Mach just got the slowdown. To make matters worse, it got a lot of this slowdown. In Mach, there was only one form of interprocess communication: message passing. This is a very clean abstraction, but Mach managed to pick exactly the wrong way of implementing it. Every Mach message send required checking the sending and receiving port access rights and some complex memory mapping operations, which resulted in a Mach message send being much slower than a system call. On Mach-based UNIX systems, a UNIX system call meant sending a message from the userspace process to the BSD process, which may then send more messages to other processes, and then waiting for the reply.
The XNU kernel uses Mach at the core. This is one of the things that everybody knows about OS X, but it's quite misleading. Unlike most other Mach-based operating systems, such as GNU HURD (which, contrary to popular belief, does exist), XNU implements UNIX system calls in the same way as a BSD system. You set some registers and issue a system call instruction (or an interrupt) and have the kernel code called directly from the trap handler. You can see this quite easily in Activity Monitor. The vim process that I am using to write this has, so far, issued 64K UNIX system calls, but only 88 Mach system calls and has sent and received less than 200 Mach messages.
So what does XNU use Mach for? The simplest answer is as an abstraction layer, along the lines of the Windows HAL, but this doesn't tell the entire story. The closest analog in a modern system is the nanokernel in the Symbian microkernel. Mach is responsible for managing the CPU and memory and for providing some basic abstractions to the top of the kernel, such as tasks and threads.

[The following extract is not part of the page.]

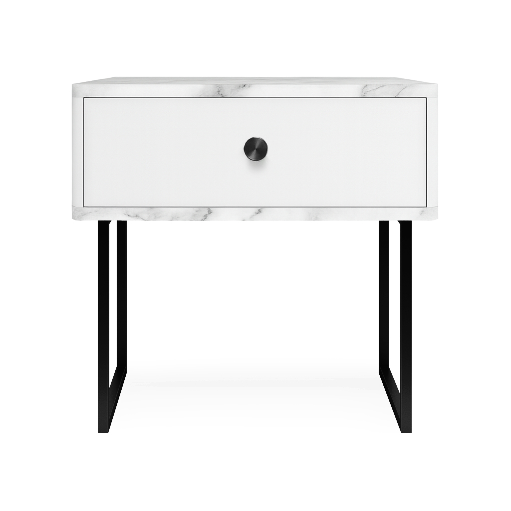 Тумба прикроватная на ножках ROYAL 5301 эко (Мрамор Каррара-Черный-р.черная)

The BSD part of the kernel calls down to the Mach part, but can call these functions directly, not requiring a Mach message. This means that most of the disadvantages of Mach are eliminated. So are Mach messages still used? Wave the mouse over an application while inspecting it and Activity Monitor, and you get an immediate answer: Yes.
Mach messages are used for a lot of things in OS X, not least of which is the delivery of events from the user. Other processes are also free to use Mach-level IPC. This has some advantages—for example, the fact that it's easy to check the other party in Mach communication, which can be useful when implementing things like the Keychain, which rely on the ability to permit communication based on the program making the request.